In the Christmas issue of The BMJ, recently out, you can read about my exploration of nonexistent authors listed in citations in PubMed, a never ending source of general amusement in the form of misattributions and misspellings. I reported three varieties:
- apparent authors (such as Et Al and Anon), concealing the identities of real contributors;
- apparent authors whose “names” are postnominals, such as “Phil D”;
- authors whose initials have been catalogued as surnames and surnames as initials;
A fourth group includes, among other variants, authors’ names that are misspelled, such as “Thomspon”, or are names of other things, for example “Iowa MD” and “York N” (Figure 1).

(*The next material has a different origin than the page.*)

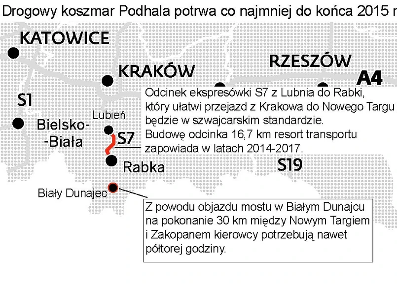 Z powodu utrudnień w Białym Dunajcu na pokonanie 30 km między Nowym Targiem i Zakopanem kierowcy potrzebują nawet półtorej godziny. Czy zimą na narty do Zakopanego można dojechać inaczej niż zakorkowaną droga nr 47? Są dwie możliwości. Kierowcy mogą nadłożyć drogi, odbijając na Czarny Dunajec (drogą nr 958) albo Bukowinę Tatrzańską (960 i 961). Ale jest minus: jeśli na te wąskie drogi zjadą kierowcy z zakopianki, dojdzie do paraliżu. Lokalne samorządowe obawiają się, że efektem ubocznym problemów transportowych może być zmniejszenie liczby turystów w tym rejonie Polski.

Figure 1. A paper published in The BMJ (top), indexed in PubMed as being by “York N” (bottom)
The third category made me wonder if any authors listed in PubMed had surnames the same as the names of the letters in the Greek alphabet; I found many (Table 1), as well as names that are identical to the names of Hebrew letters, such as Gimmel, Daled, Lamed, Nūn, and Resh.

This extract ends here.